If teams have not worked together before, partners need to take the time and trouble to allow trust to develop naturally through proximity. For example, for the API production step on Product X that we transferred to China, we assumed the not-inconsiderable cost of sending knowledgeable people thousands of miles to the site was money well spent. It served to accelerate the knowledge transfer and when problems did surface (as they inevitably do), the receiving plant was not left to its own devices to try to solve or fix them without adequate support.
In the case of Product Z, we assembled a joint team with the client to work on improving the process, giving both parties time to get to know each other before the transfer. This subsequently paid off as the team was able to work together productively throughout the lifetime of the product, supporting each other in matters concerning strategy, supply, distribution and regulatory affairs.
As noted, technology transfers don’t happen as often as they might, or as often as perhaps they should. Companies have legitimate concerns about supply interruptions and the costs they may incur as a result. Then there is the expense. To plan one thoroughly and execute it carefully requires a significant investment. To minimise the cost, companies are sometimes tempted to shortcut the planning and rely on what’s worked before for similar products. This is a false economy.
Looking at our history of transfers, we have found that the chance of getting them right by mimicking the transfer of a similar product are no better than 50% — a coin toss. Conversely, beginning fresh, with a blank sheet, and analysing the process as if you have never done it before, the chance of right-the-first-time success is better than 90%. Yes, technology transfers require investment. However, the cost is less than that of fixing one that went wrong.

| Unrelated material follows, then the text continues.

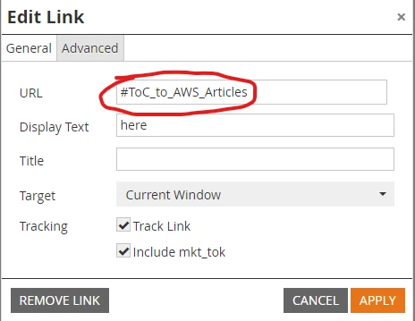 This is the most important step that took me way too long to figure out. When you're on the Insert/Edit Link field, you will add the anchor to the "URL" box. But when you add it in to that box, type it in with the "#" before the name of the anchor. That is how the system fully connects the link to the anchor within the email. So in this case, I wrote it in as "#ToC_to_AWS_Articles".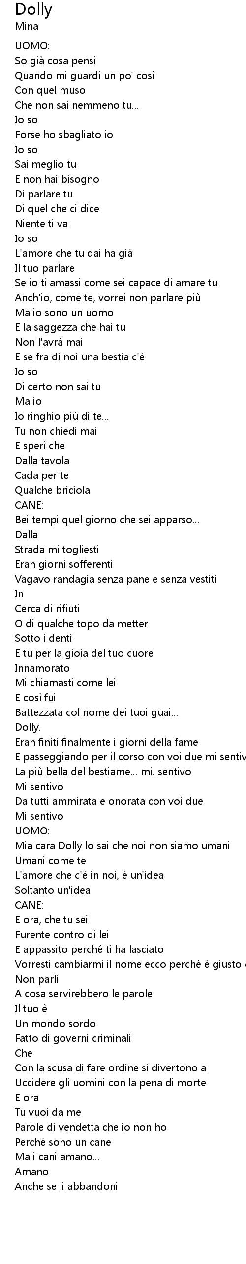 | Mia cara Dolly lo sai che noi non siamo umani | |

In addition, a technology transfer provides the opportunity to make product and process improvements that might otherwise be missed. In practice, production processes often run for years without being improved meaningfully. Companies always have other priorities, including new projects, which steal attention from ongoing products. But in making a transfer, a company is forced to make changes; there will always be differences at the receiving site that need to be accommodated. Those changes — properly planned for and executed — can realise enduring strategic advantages by lowering production or distribution costs, or by improving a company’s competitive position in a given market.
Transferring the production of sophisticated products from one site to another, or to several others, will always be challenging and will always involve risk. But not only are there more opportunities today for companies to improve how they have their products made, there are also more options to secure supply, produce closer to critical markets, become more agile when responding to changes in demand, and secure sophisticated help with technically challenging production steps. Specialist expertise, solid processes and standardised operating procedures and equipment all work together to minimise risk and costs.
A consistent risk-based approach, continually updated with new data from quality by design and design of experiments initiatives, will improve both Patheon’s and the industry’s ability to efficiently, effectively and seamlessly transfer production going forward. The rewards can be substantial, and transferring technology should be an option that every company places top of mind.